Tenaga Kerja dan Infrastruktur Menjadi Pertimbangan

Sebuah survei dilakukan oleh Grant Thornton’s International Business Report (IBR) dengan skala internasional melihat prospek bisnis di berbagai negara. Parameter utama dari prospek bisnis ini adalah tenaga kerja dan infrastruktur yang tersedia. Dalam survei ini, ada 60 negara yang di survei, dimana Indonesia adalah salah satu negara tersebut.

Dalam hasil surveinya pada bidang ketenagakerjaan, Indonesia ditempatkan pada posisi ketiga secara global. Menurut Managing Partner Grant Thornton Indonesia Johanna Gani, perihal ketenagakerjaan Indonesia dilihat dari aspek tingkat pengangguran yang rendah dan pertumbuhan produktifitas tenaga kerja yang signifikan, yang membuat Indonesia berada pada urutan ketiga secara global.

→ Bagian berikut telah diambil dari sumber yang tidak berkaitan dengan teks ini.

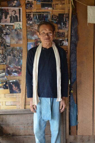 Si directed Dean and I back to a house we had already visited whilst he dispatched the rest of the group off back to Luang Nam Tha. There we met our host, Lao Li (pictured below in his traditional dress), who didn’t speak any English at all but managed to suggest to us that we go and take showers. More private than others we’d spotted around the village, this was basically a tap shielded from the path (but not the pig sty though fortunately they showed very little interest!) by a low roof and two walls made of woven bamboo. A pair of ducks were drinking from the pool of water below the tap and there was a plank to stand on. As it is shared by several families and is not very private, men wash wearing their underwear and women wear a kind of sarong sewn closed. This is how everyone washes in the river too. It was harder than I imagined, especially getting dry at the end whilst wearing a soaking sarong! Quite the experience!
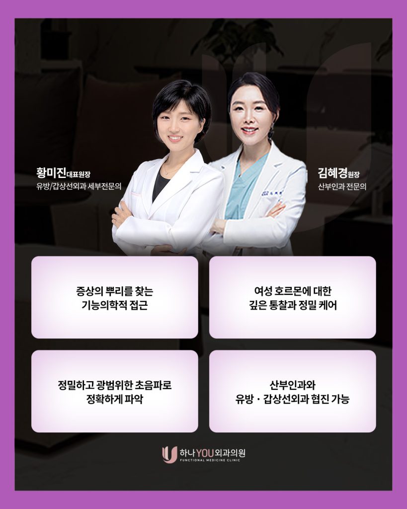 하나유외과에서는 산부인과 진료와 함께 기능의학적 관점을 고려하여 단순히 검사 결과만 확인하는 것이 아니라 호르몬 상태, 생활습관, 전반적인 건강 상태까지 살펴보며 개인에게 맞는 건강 관리 방향을 함께 고민하고 있습니다.
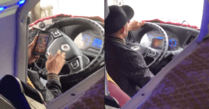 Hình ảnh tài xế xe khách vừa lái xe vừa chơi game – Ảnh: Cắt...
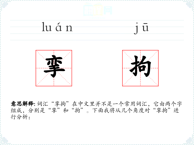 词汇“挛拘”在中文里并不是一个常用词汇,它由两个字组成,分别是“挛”和“拘”。下面我将从几个角度对“挛拘”进行分析:
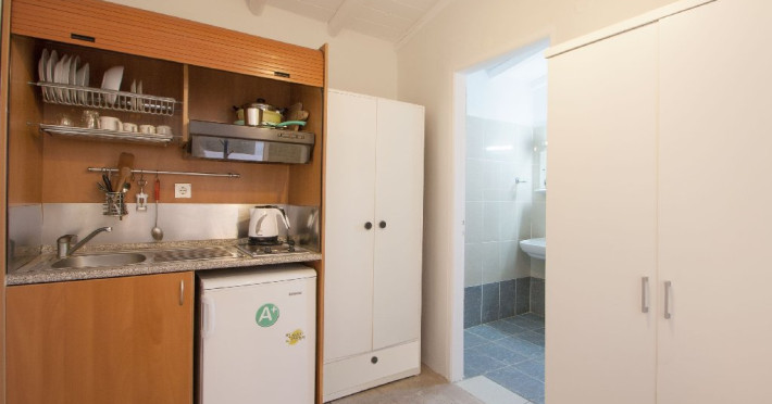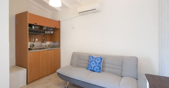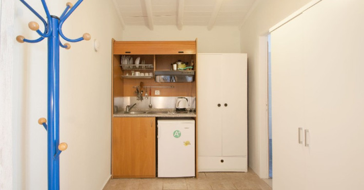 Facilitati camere: Studio-urile vilei sunt luminoase si spatioase, echipate cu aer conditionat (contra cost la fata locului, pentru care se plateste optional la proprietar 35 euro pe camera/ saptamana), cu terasa, baie cu dus si chicineta dotata cu plita electrica, frigider, fierbator apa, hota si vesela.
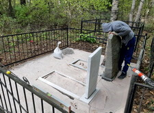 Клиент заказал достаточно экономное покрытие серой гранитной крошкой. Для того, чтобы трава в дальнейшем не прорастала, мы затянули территорию места захоронения (а также пространство внутри цветников) геотекстилем. Параллельно с этим по периметру участка установили железную полосу, препятствующую выпадению крошки за территорию могилы.
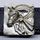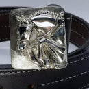 A new addition to our Jumper Horses! The horse is highly sculpted with bridle detail and plaited mane.This buckle fits a 1 1/2 inch wide leather belt. Opposite facing from our Fancy Hunter Jumper Series, this upcoming series will have several medallion sizes. One is already posted [ Jumper on Plaited Reins]. Response has been very excited about this new release. The buckle measures 1 5/8 inches wide x 1 7/8 inches tall. Available in the Silver tone [White Bronze] or our buttery Yellow Bronze. Check out our Leather Page for available belts!

Namun nilai tambah tersebut ternyata tidak berbanding lurus dengan pengakuan para pebisnis global untuk mengakui keunggulan Indonesia sehingga dapat dilirik oleh para pelaku bisnis internasisonal.

Dari hasil survei tersebut menunjukan bahwa dari kalangan bisnis terdapat 19% yang menginginkan ketersediaan tenaga kerja terampil pendorong utama untuk memilih lokasi bisnis dan investasi. Sementara 25% para pelaku bisnis memilih ketersediaan tenaga kerja yang murah untuk menjadi sasaran bisnisnya.

Namun faktor yang paling besar yang dimiliki Indonesia dan menjadi pertimbangan bagi para pebisnis untuk melakukan usaha di Indonesia adalah karena kedekatan Indonesia dengan rantai pasokan perusahaan, atau dapat dikatakan bahwa Indonesia telah memiliki sistem industri yang terintegrasi. Sebanyak 45% pebisnis mempertimbangkan faktor tersebut. Untuk industri pakaian, otomotif, industri makanan tentu sudah memiliki pasar yang jelas, yaitu 200 juta lebih penduduk Indonesia. Industri terkait infrastuktur, seperti besi, semen, atau aspal juga amat dibutuhkan dengan pembangunan yang sedang gencar dilakukan pemerintah.

Johanna Gani menilai bahwa Indonesia menawarkan peluang menarik dan banyak investor paham situasi ini. Pebisnis sesungguhnya merasa untung beroperasi di Indonesia, ujarnya menjelaskan, seperti dikutip dalam Tribunnews.

Jika pemerintah Indonesia dapat memanfaatkan potensi tersebut ditambah dengan berjalannya pembangunan infrastruktur, maka bukan hal yang tak mungkin pada akhirnya Indonesia menjadi salah satu sasaran utama bagi para pelaku bisnis dunia.